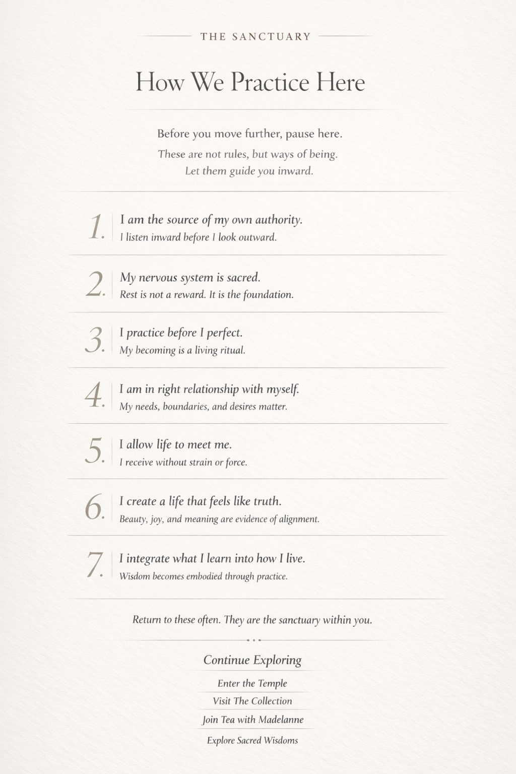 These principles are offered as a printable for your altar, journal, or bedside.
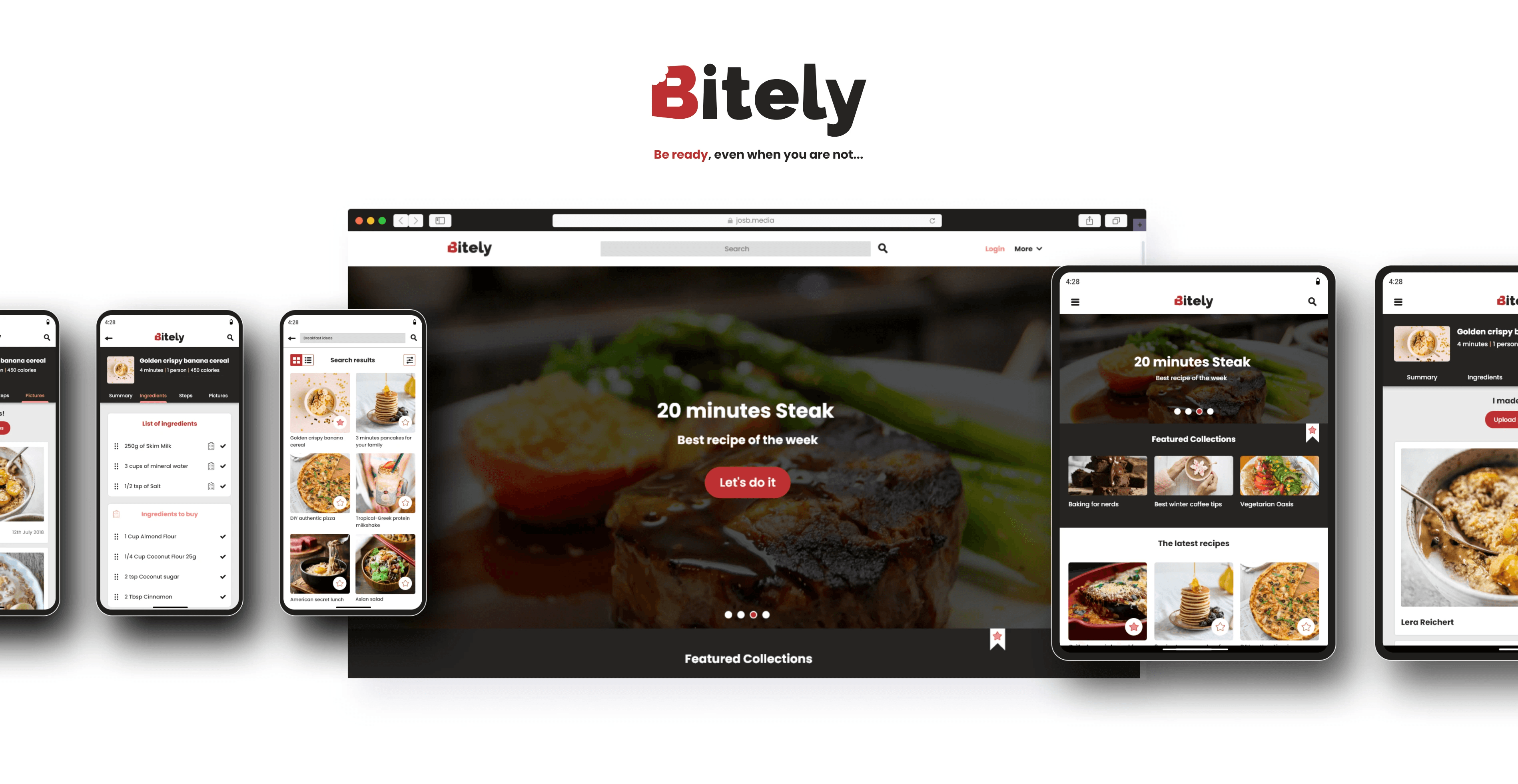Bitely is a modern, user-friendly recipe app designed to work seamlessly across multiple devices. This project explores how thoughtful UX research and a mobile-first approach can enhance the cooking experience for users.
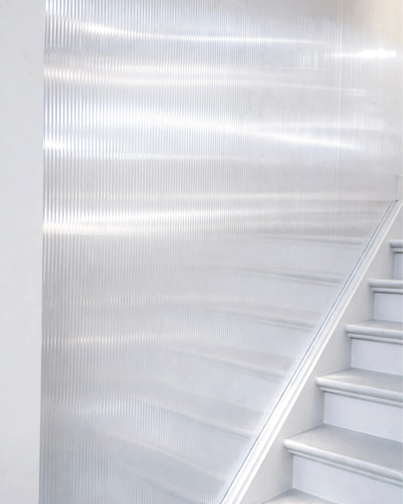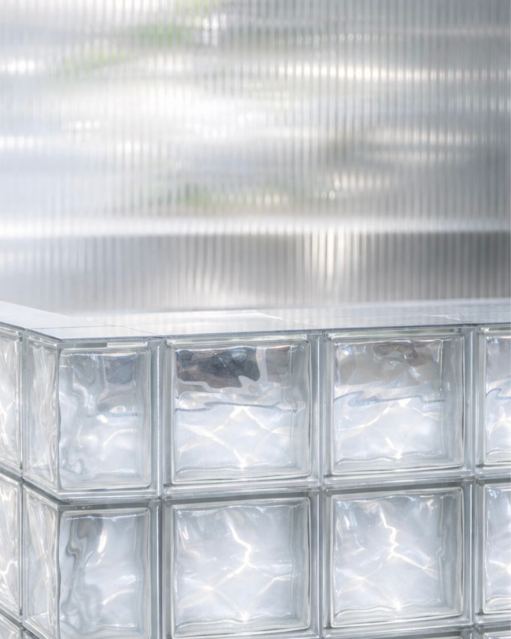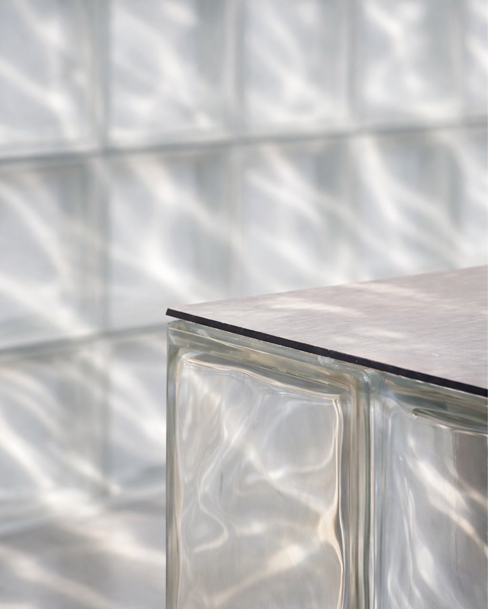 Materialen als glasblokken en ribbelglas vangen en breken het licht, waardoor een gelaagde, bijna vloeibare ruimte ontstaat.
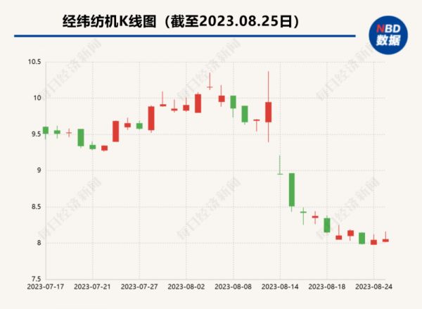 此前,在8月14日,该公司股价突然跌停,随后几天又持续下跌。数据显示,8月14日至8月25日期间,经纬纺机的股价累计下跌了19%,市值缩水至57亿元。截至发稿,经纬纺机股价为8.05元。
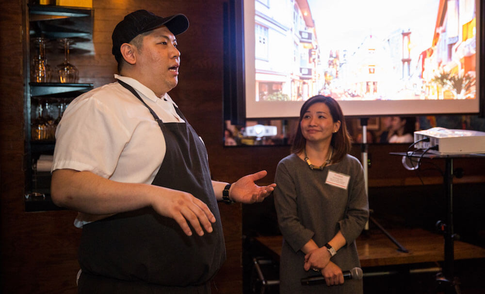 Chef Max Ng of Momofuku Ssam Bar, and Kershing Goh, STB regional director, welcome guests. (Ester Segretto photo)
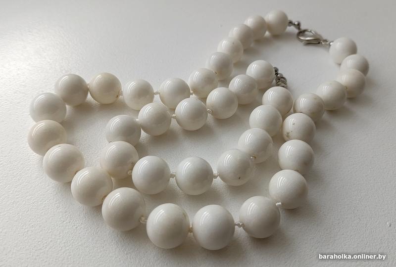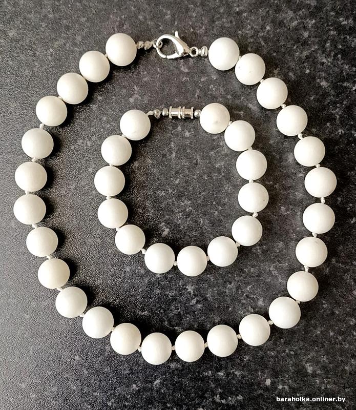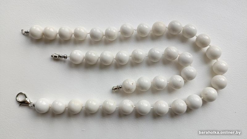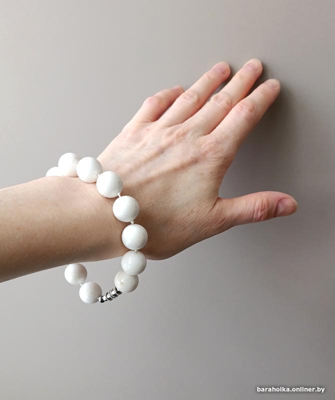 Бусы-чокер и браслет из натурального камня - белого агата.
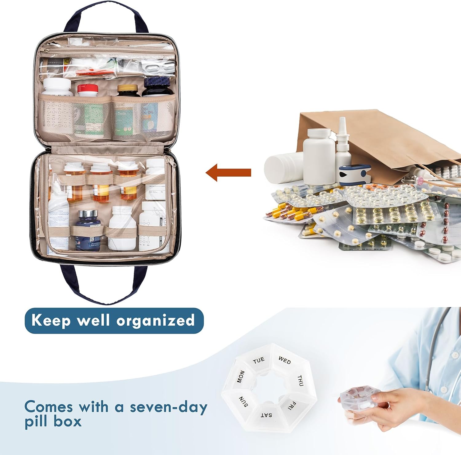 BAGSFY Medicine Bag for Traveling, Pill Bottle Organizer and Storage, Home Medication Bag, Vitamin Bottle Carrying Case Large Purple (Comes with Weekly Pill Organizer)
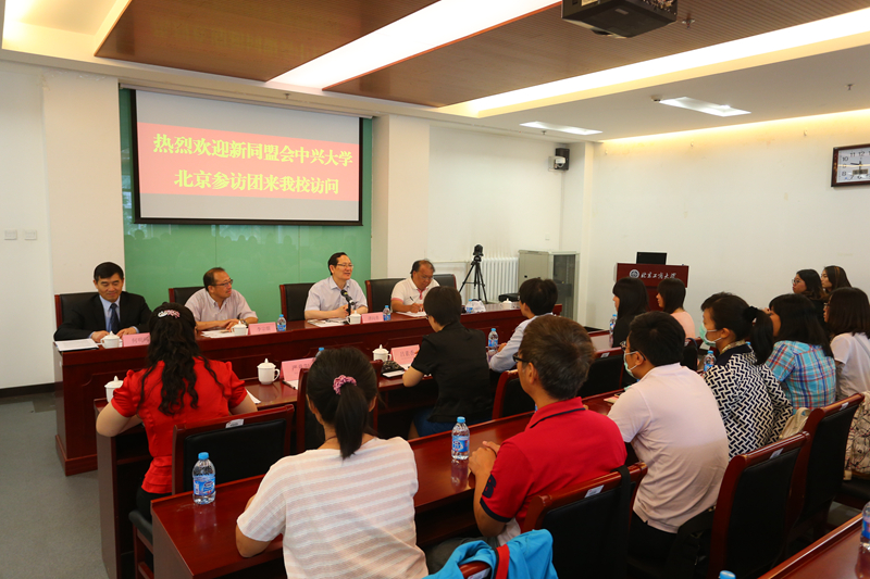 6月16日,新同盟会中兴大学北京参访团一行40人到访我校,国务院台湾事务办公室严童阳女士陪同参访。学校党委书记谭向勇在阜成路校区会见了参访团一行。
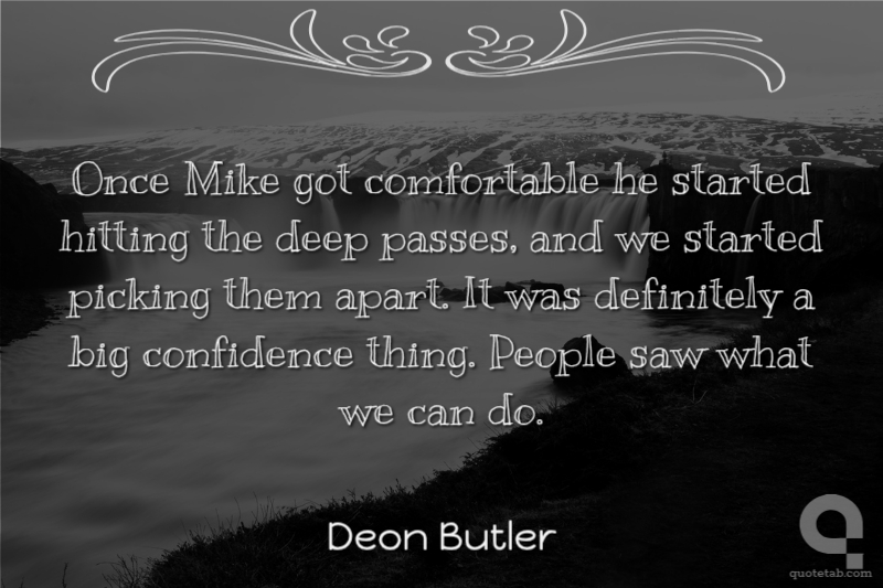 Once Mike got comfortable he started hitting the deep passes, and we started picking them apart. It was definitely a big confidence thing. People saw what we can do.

▸ WHAT IS BEING ASKED
Starting from the line with "Chef Max Ng" in the records above, repeat each line exactly until you have written the line with "Бусы-чокер и браслет", then stop; drop the pictures.

▸ SOLUTION
 Chef Max Ng of Momofuku Ssam Bar, and Kershing Goh, STB regional director, welcome guests. (Ester Segretto photo)
 Бусы-чокер и браслет из натурального камня - белого агата.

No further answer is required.